Exercise goal »
Where a record contains a picture, omit the picture and repeat the rest exactly.

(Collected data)

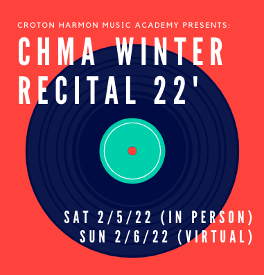 VIRTUAL ZOOMIES RECITAL INFO DATE: SUNDAY 12/12/2021 TIMES: Session 1B: 3PM - 4PM Session 2B: 430PM - 530PM (tentative) LOCATION: ON ZOOM! CHMA ZOOMIES: 2022 WINTER RECITAL: Join Zoom Meeting: https://us02web.zoom.us/j/89338223821 Meeting ID: 893 3822 3821 Passcode: 123456
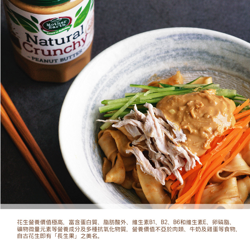#紐西蘭#抹醬#高油酸#涼拌#全素👉 全新包裝,全新式樣,新鮮上架✔採用紐西蘭高油酸花生, 不易變質 不加糖, 無多餘熱量, 只用些許鹽巴帶出花生的香甜 ~✔紐西蘭生產製造, 原裝進口來台, 鄉民熱搜最愛花生醬之一 !✔每一口都充滿香濃花生的顆粒, 卡滋卡滋, 越咀嚼越滿足 ~✔Mother Earth訴求天然, 產品皆極簡單純粹, 源自「大地母愛」👉顆粒口味成分:花生99.5%、鹽細節:每一口都充滿香濃花生的顆粒,越咀嚼越滿足• 內容規格 : 380g/瓶x3• 保存期限 : 15個月• 有效日期 : 如包裝上所示• 原產地(國) : 紐西蘭• 食用方式 : 可塗抹在吐司或依個人喜好食用 • 注意事項 : 本產品含有花生, 不適合對其過敏體質者食用 • 保存方式 : 置於陰涼乾燥處, 避免陽光直射, 開封後請儘早食用, 以免影響風味 ■ 代理廠商名稱 : 好健康國際有限公司■ 代理廠商電話 : 02-26755234■ 代理廠商地址 : 新北市樹林區千歲街57-7號■ 投保產品責任險字號 : 0525第05ML000375號■ 食品業者登錄字號 : H-153997270-00000-7
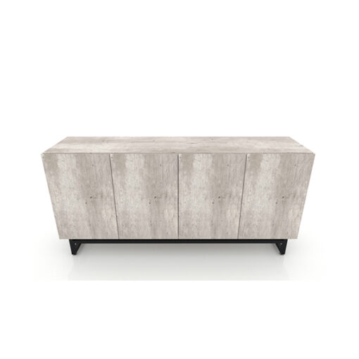 Moderna Credenza con 4 puertas abatibles con entrepaño interno, jaladera integrada en puertas, estructura metálica tubular cuadrado 1″x1”. Fabricada en melamina de 16mm. color a elección con cantos en PVC Frentes tipo parche. Medidas: 160x40x75cm.
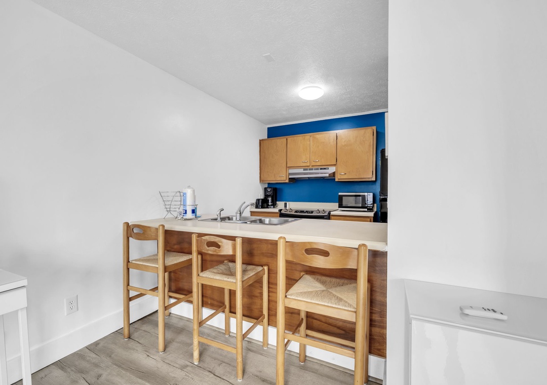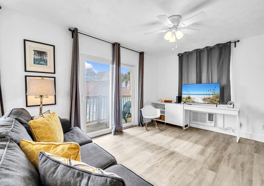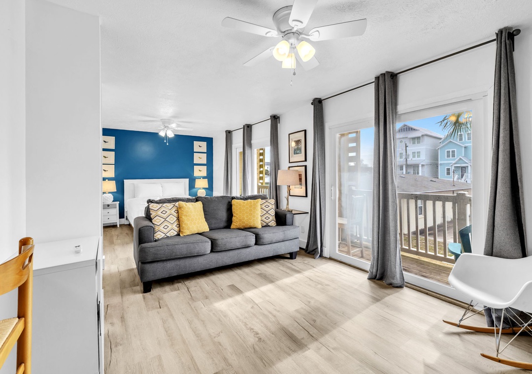 Welcome to Surfwinds #3, a charming studio featuring a cozy queen bed and a queen sleeper sofa, perfect for additional guests. Located just half a block from the nearest beach access, this inviting unit offers beach-inspired décor, a beautifully updated bathroom, and a well-equipped kitchen to easily whip up your favorite meals. Enjoy a lovely Gulf view from your private balcony in this quaint building of only six units. Surfwinds' prime location puts you close to all the locals’ favorite hangouts, blending comfort, convenience, and coastal charm into the ideal beach getaway.
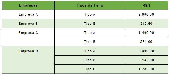 Tabela 3. Preços médios de feno (R$/t) em São Paulo.
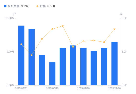 日期A股户数(户)流通A股户均持股数(股)户均持股市值(万元)2025-11-109291318982.5212.432025-10-209108519363.4812.062025-09-309029519532.9012.252025-09-209110419304.9012.072025-09-109189219139.3511.712025-08-319107919310.1912.782025-08-208689320240.4513.242025-08-108899419762.6012.472025-06-309677618173.4410.762025-03-319781117496.6910.81
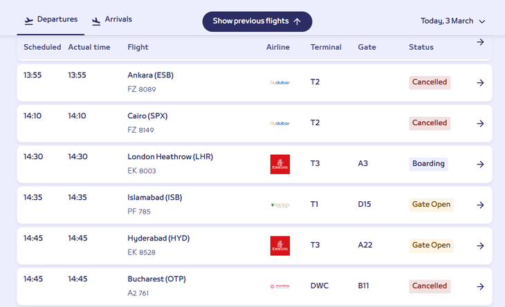 Die General Civil Aviation Authority der Vereinigten Arabischen Emirate hat die Durchführung von Sonderflügen an Flughäfen des Landes angekündigt, um gestrandeten Passagieren die Ausreise zu ermöglichen. Der erste Flug seit der Luftraumsperrung, der Etihad Airways-Flug EY67 nach London Heathrow Airport, startete am 2. März um 14.39 Uhr Ortszeit vom Zayed International Airport und landete um 19.16 Uhr GMT in London. Mehr als ein Dutzend weiterer Etihad-Flüge starteten von Abu Dhabi zu Zielen wie Amsterdam, Paris, Moskau, Mumbai, Delhi und Riad. Auch Emirates nahm Sonderflüge unter anderem nach London, Manchester, Paris, Amsterdam und Dschidda auf und kündigte an, Kunden mit bestehenden Buchungen vorrangig zu berücksichtigen. (3.3./10.50 Uhr)
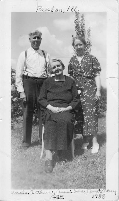 Arthur Gee, Ida (Cavan) Gee, and Arthur’s sister-in-law, Mary (Kenney) Gee, widow of George Gee. Taken at a family reunion in Paxton, Illinois, in 1938. (Shared by dspberg on Ancestry.com)
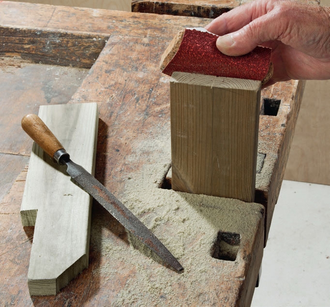 Delene skjæres ut og slipes lett. Du klarer alle snittene med en håndsag, men tverrsnittene går fort og blir mer presise med en kappsag, mens stikksagen er effektiv ved innsnitt. Snittene slipes glatte, evt. etter å ha blitt rettet opp med en rasp.
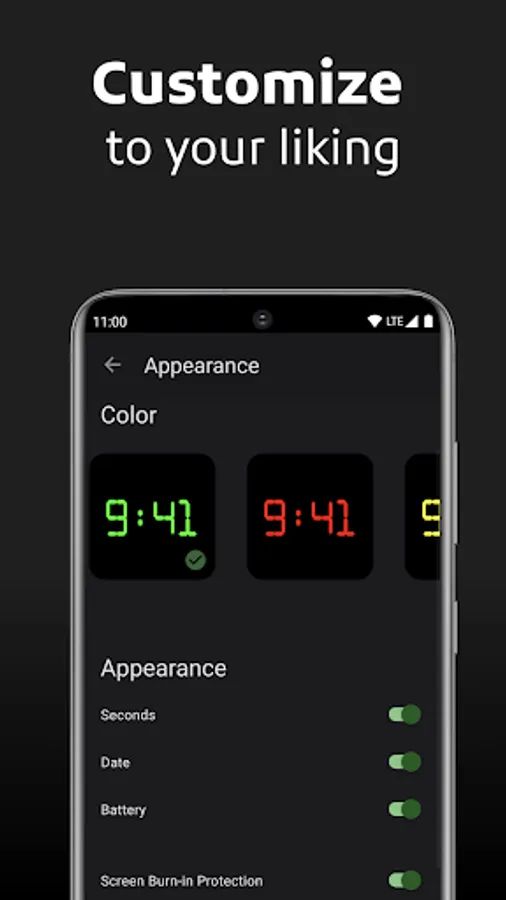 • Fully customizable digital clock face appearance: Seconds, Date, Battery Percentage, Color — you name it.
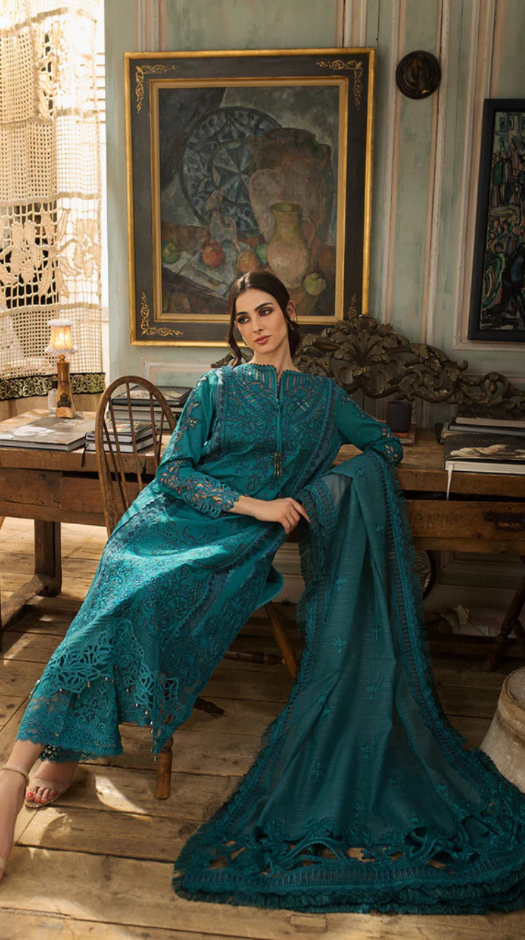 Embroidered Chiffon Front. Embroidered Chiffon Side Panels. Embroidered Chiffon Back. Embroidered Chiffon Sleeves. Embroidered Chiffon Dupatta. Embroidered Organza Border for Front and Back. Embroidered Organza Border for Sleeves. Dyed Trouser.
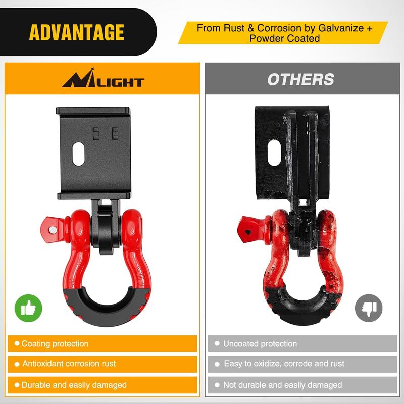 ·【Premium Material】The Tacoma hook bracket with shackle is made of heavy duty steel with a rust and corrosion resistant black powder coated and is laser cut to shape. Shackles have a breaking point of 36 to 48000lbs.
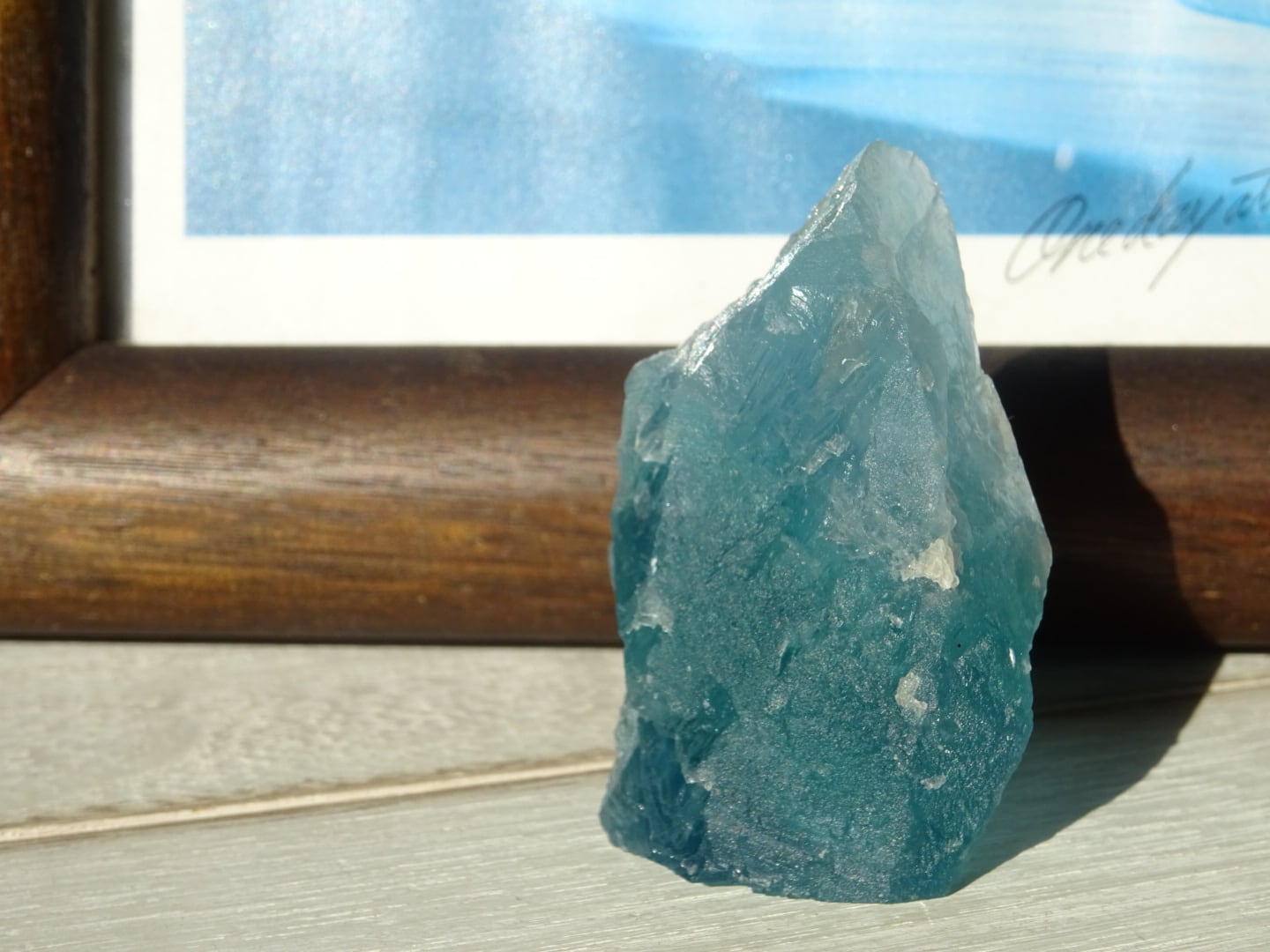 爽やかな海洋や深い湖を想わせるブルーグリーンが美しい、ブラックフォレストのフローライト。光彩によって表情豊かな青~緑色の濃淡を見せてくれます。サイズも程よく、自立するフォルムも美しく絵になる逸品。
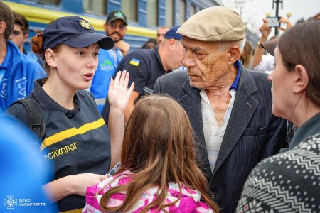 На вокзалі на них чекали представники обласної адміністрації, волонтери різних громадських організацій і рятувальники. Разом вони допомогли людям із багажем, видали гуманітарну допомогу та їжу в дорогу і посадили в автобуси, які відвезли гостей Закарпаття у визначені місця.
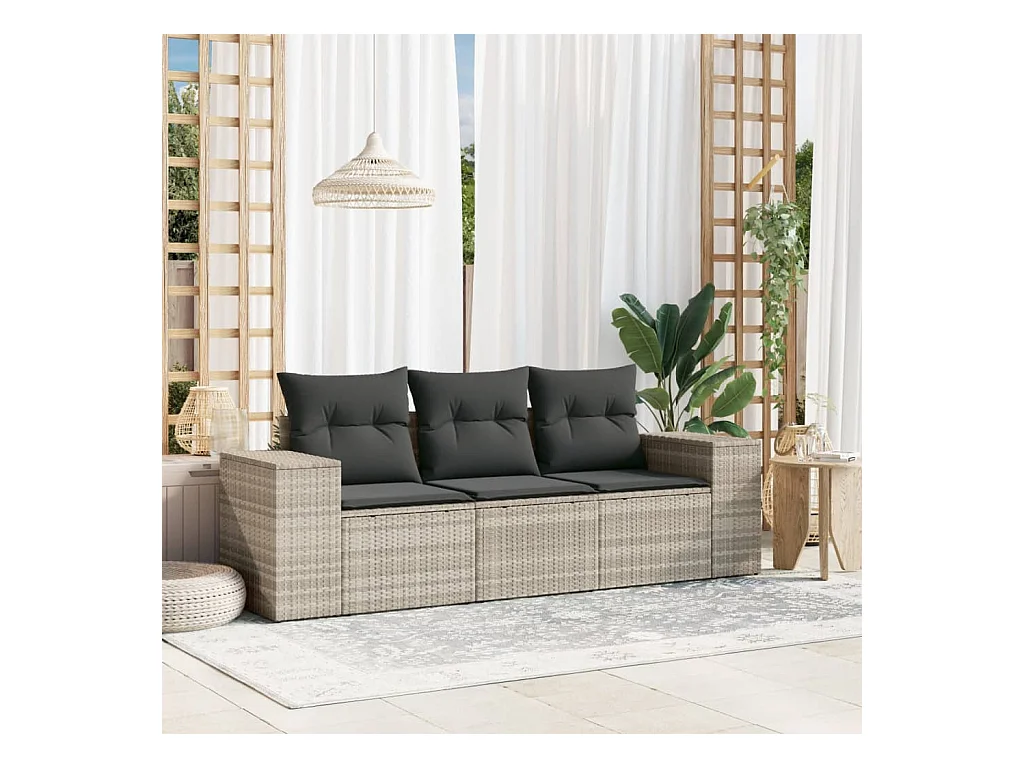 3 pcs conjunto sofás de jardim c/ almofadões vime PE cinzento PT587332
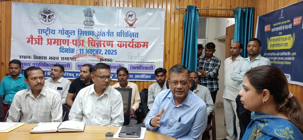 बिजनौर, राष्ट्रीय पंचायत ब्यूरो। जिलाधिकारी जसजीत कौर ने शनिवार को कलेक्ट्रेट स्थित एनआईसी कक्ष में राष्ट्रीय गोकुल मिशन अन्तर्गत प्रशिक्षित मैत्री को उत्कृष्ट कार्य के लिए प्रमाण पत्र वितरित कर सम्मानित किया। इस अवसर पर कृषि विभाग द्वारा नामित किये गये 10 किसानों को उन्नत नस्ल के बीज निःशुल्क वितरित किये गये।
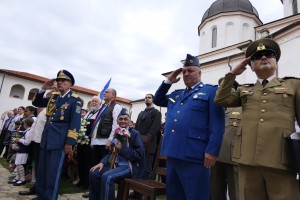 După ce s-a terminat slujba, la ora 12, cînd în toată țara au început să fie trase clopotele, activitatățile s-au mutat în fața mauzoleului din incinta mănăstirii (din cite am înțeles, unul dintre cele 8 mauzolee ale eroilor existente în România). În fața unui banner mare fixat pe perete, între drapelele României, avînd în lateral garda de onoare de la școala SRI din Grădiștea, a fost adusă masa (timp în care praporii, ținuți de bărbați în costum național erau în apropiere). A vorbit întîi dl. gen. Radu Theodoru, apoi, după „Deșteaptă-te române”, părintele arh. Mihail. După care s-a cîntat „Imnul Eroilor”.

Answer to this exercise »
 VIRTUAL ZOOMIES RECITAL INFO DATE: SUNDAY 12/12/2021 TIMES: Session 1B: 3PM - 4PM Session 2B: 430PM - 530PM (tentative) LOCATION: ON ZOOM! CHMA ZOOMIES: 2022 WINTER RECITAL: Join Zoom Meeting: https://us02web.zoom.us/j/89338223821 Meeting ID: 893 3822 3821 Passcode: 123456
#紐西蘭#抹醬#高油酸#涼拌#全素👉 全新包裝,全新式樣,新鮮上架✔採用紐西蘭高油酸花生, 不易變質 不加糖, 無多餘熱量, 只用些許鹽巴帶出花生的香甜 ~✔紐西蘭生產製造, 原裝進口來台, 鄉民熱搜最愛花生醬之一 !✔每一口都充滿香濃花生的顆粒, 卡滋卡滋, 越咀嚼越滿足 ~✔Mother Earth訴求天然, 產品皆極簡單純粹, 源自「大地母愛」👉顆粒口味成分:花生99.5%、鹽細節:每一口都充滿香濃花生的顆粒,越咀嚼越滿足• 內容規格 : 380g/瓶x3• 保存期限 : 15個月• 有效日期 : 如包裝上所示• 原產地(國) : 紐西蘭• 食用方式 : 可塗抹在吐司或依個人喜好食用 • 注意事項 : 本產品含有花生, 不適合對其過敏體質者食用 • 保存方式 : 置於陰涼乾燥處, 避免陽光直射, 開封後請儘早食用, 以免影響風味 ■ 代理廠商名稱 : 好健康國際有限公司■ 代理廠商電話 : 02-26755234■ 代理廠商地址 : 新北市樹林區千歲街57-7號■ 投保產品責任險字號 : 0525第05ML000375號■ 食品業者登錄字號 : H-153997270-00000-7
 Moderna Credenza con 4 puertas abatibles con entrepaño interno, jaladera integrada en puertas, estructura metálica tubular cuadrado 1″x1”. Fabricada en melamina de 16mm. color a elección con cantos en PVC Frentes tipo parche. Medidas: 160x40x75cm.
 Welcome to Surfwinds #3, a charming studio featuring a cozy queen bed and a queen sleeper sofa, perfect for additional guests. Located just half a block from the nearest beach access, this inviting unit offers beach-inspired décor, a beautifully updated bathroom, and a well-equipped kitchen to easily whip up your favorite meals. Enjoy a lovely Gulf view from your private balcony in this quaint building of only six units. Surfwinds' prime location puts you close to all the locals’ favorite hangouts, blending comfort, convenience, and coastal charm into the ideal beach getaway.
 Tabela 3. Preços médios de feno (R$/t) em São Paulo.
 日期A股户数(户)流通A股户均持股数(股)户均持股市值(万元)2025-11-109291318982.5212.432025-10-209108519363.4812.062025-09-309029519532.9012.252025-09-209110419304.9012.072025-09-109189219139.3511.712025-08-319107919310.1912.782025-08-208689320240.4513.242025-08-108899419762.6012.472025-06-309677618173.4410.762025-03-319781117496.6910.81
 Die General Civil Aviation Authority der Vereinigten Arabischen Emirate hat die Durchführung von Sonderflügen an Flughäfen des Landes angekündigt, um gestrandeten Passagieren die Ausreise zu ermöglichen. Der erste Flug seit der Luftraumsperrung, der Etihad Airways-Flug EY67 nach London Heathrow Airport, startete am 2. März um 14.39 Uhr Ortszeit vom Zayed International Airport und landete um 19.16 Uhr GMT in London. Mehr als ein Dutzend weiterer Etihad-Flüge starteten von Abu Dhabi zu Zielen wie Amsterdam, Paris, Moskau, Mumbai, Delhi und Riad. Auch Emirates nahm Sonderflüge unter anderem nach London, Manchester, Paris, Amsterdam und Dschidda auf und kündigte an, Kunden mit bestehenden Buchungen vorrangig zu berücksichtigen. (3.3./10.50 Uhr)
 Arthur Gee, Ida (Cavan) Gee, and Arthur’s sister-in-law, Mary (Kenney) Gee, widow of George Gee. Taken at a family reunion in Paxton, Illinois, in 1938. (Shared by dspberg on Ancestry.com)
 Delene skjæres ut og slipes lett. Du klarer alle snittene med en håndsag, men tverrsnittene går fort og blir mer presise med en kappsag, mens stikksagen er effektiv ved innsnitt. Snittene slipes glatte, evt. etter å ha blitt rettet opp med en rasp.
 • Fully customizable digital clock face appearance: Seconds, Date, Battery Percentage, Color — you name it.
 Embroidered Chiffon Front. Embroidered Chiffon Side Panels. Embroidered Chiffon Back. Embroidered Chiffon Sleeves. Embroidered Chiffon Dupatta. Embroidered Organza Border for Front and Back. Embroidered Organza Border for Sleeves. Dyed Trouser.
 ·【Premium Material】The Tacoma hook bracket with shackle is made of heavy duty steel with a rust and corrosion resistant black powder coated and is laser cut to shape. Shackles have a breaking point of 36 to 48000lbs.
 爽やかな海洋や深い湖を想わせるブルーグリーンが美しい、ブラックフォレストのフローライト。光彩によって表情豊かな青~緑色の濃淡を見せてくれます。サイズも程よく、自立するフォルムも美しく絵になる逸品。
 На вокзалі на них чекали представники обласної адміністрації, волонтери різних громадських організацій і рятувальники. Разом вони допомогли людям із багажем, видали гуманітарну допомогу та їжу в дорогу і посадили в автобуси, які відвезли гостей Закарпаття у визначені місця.
 3 pcs conjunto sofás de jardim c/ almofadões vime PE cinzento PT587332
 बिजनौर, राष्ट्रीय पंचायत ब्यूरो। जिलाधिकारी जसजीत कौर ने शनिवार को कलेक्ट्रेट स्थित एनआईसी कक्ष में राष्ट्रीय गोकुल मिशन अन्तर्गत प्रशिक्षित मैत्री को उत्कृष्ट कार्य के लिए प्रमाण पत्र वितरित कर सम्मानित किया। इस अवसर पर कृषि विभाग द्वारा नामित किये गये 10 किसानों को उन्नत नस्ल के बीज निःशुल्क वितरित किये गये।
 După ce s-a terminat slujba, la ora 12, cînd în toată țara au început să fie trase clopotele, activitatățile s-au mutat în fața mauzoleului din incinta mănăstirii (din cite am înțeles, unul dintre cele 8 mauzolee ale eroilor existente în România). În fața unui banner mare fixat pe perete, între drapelele României, avînd în lateral garda de onoare de la școala SRI din Grădiștea, a fost adusă masa (timp în care praporii, ținuți de bărbați în costum național erau în apropiere). A vorbit întîi dl. gen. Radu Theodoru, apoi, după „Deșteaptă-te române”, părintele arh. Mihail. După care s-a cîntat „Imnul Eroilor”.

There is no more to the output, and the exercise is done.